ADJUTANT-GENERAL TO THE BRITISH EXPEDITIONARY FORCE

PREFACE

This book is an unofficial outcome of the writer's experiences during the five months he was attached to the General Headquarters Staff as Home Office Commissioner with the British Expeditionary Force. His official duties during that period involved daily visits to the headquarters of almost every Corps, Division, and Brigade in the Field, and took him on one or two occasions to the batteries and into the trenches. They necessarily involved a familiar and domestic acquaintance with the work of two of the great departments of the Staff at G.H.Q. So much of these experiences of the work of the Staff and of the life of the Army in the field as it appears discreet to record is here set down. The writer desires to express his acknowledgments to his friends, Major E.A. Wallinger, Major F.C.T. Ewald, D.S.O., and Captain W.A. Wallinger, for their kindness in reading the proofs of some one or more of the chapters in this book. Nor would his acknowledgments be complete without some word of thanks to that brilliant soldier, Colonel E.D. Swinton, D.S.O., with whom he was closely associated during the discharge of the official duties at G.H.Q. of which this book is the unofficial outcome. Most of these chapters originally appeared in the pages of the _Nineteenth Century and After_, under the title to which the book owes its name, and the writer desires to express his obligations to the Editor, Mr. Wray Skilbeck, for his kind permission to republish them. Similar acknowledgments are due to the Editor of _Blackwood's Magazine_ for permission to reprint the short story, "Stokes's Act," and to the Editor of the _Westminster Gazette_ in whose hospitable pages some of the shorter sketches appeared--sometimes anonymously.

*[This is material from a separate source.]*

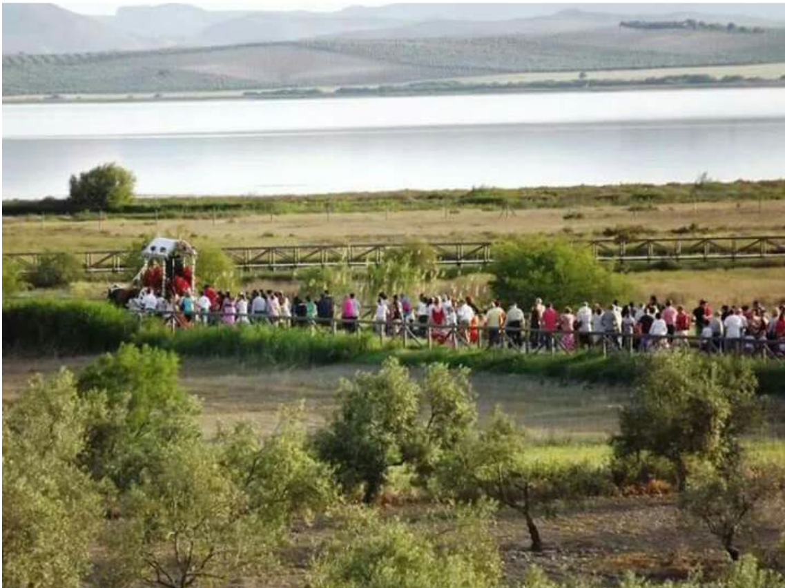
Paso de la carroza por el camino de Matalondras con La Laguna al fondo

The reader will observe that many of these sketches appear in the form of what, to borrow a French term, is called the _conte_. The writer has adopted that form of literary expression as the most efficacious way of suppressing his own personality; the obtrusion of which, in the form of "Reminiscences," would, he feels, be altogether disproportionate and impertinent in view of the magnitude and poignancy of the great events amid which it was his privilege to live and move. Moreover, his own duties were neither spirited nor glorious. But the characters pourtrayed and the events narrated in these pages are true in substance and in fact. The writer has not had the will, even if he had had the power, to "improve" the occasions; the reality was too poignant for that. "Stokes's Act" and "The Coming of the Hun" are therefore "true" stories--using truth in the sense of veracity not value--and the facts came within the writer's own investigation. The investiture of fiction has been here adopted for the obvious reason that neither of the principal characters in these two stories would desire his name to be known. So, too, in the other sketches, although the characters are "real"--I can only hope that they will be half as real to the reader as they were and are to me--the names are assumed.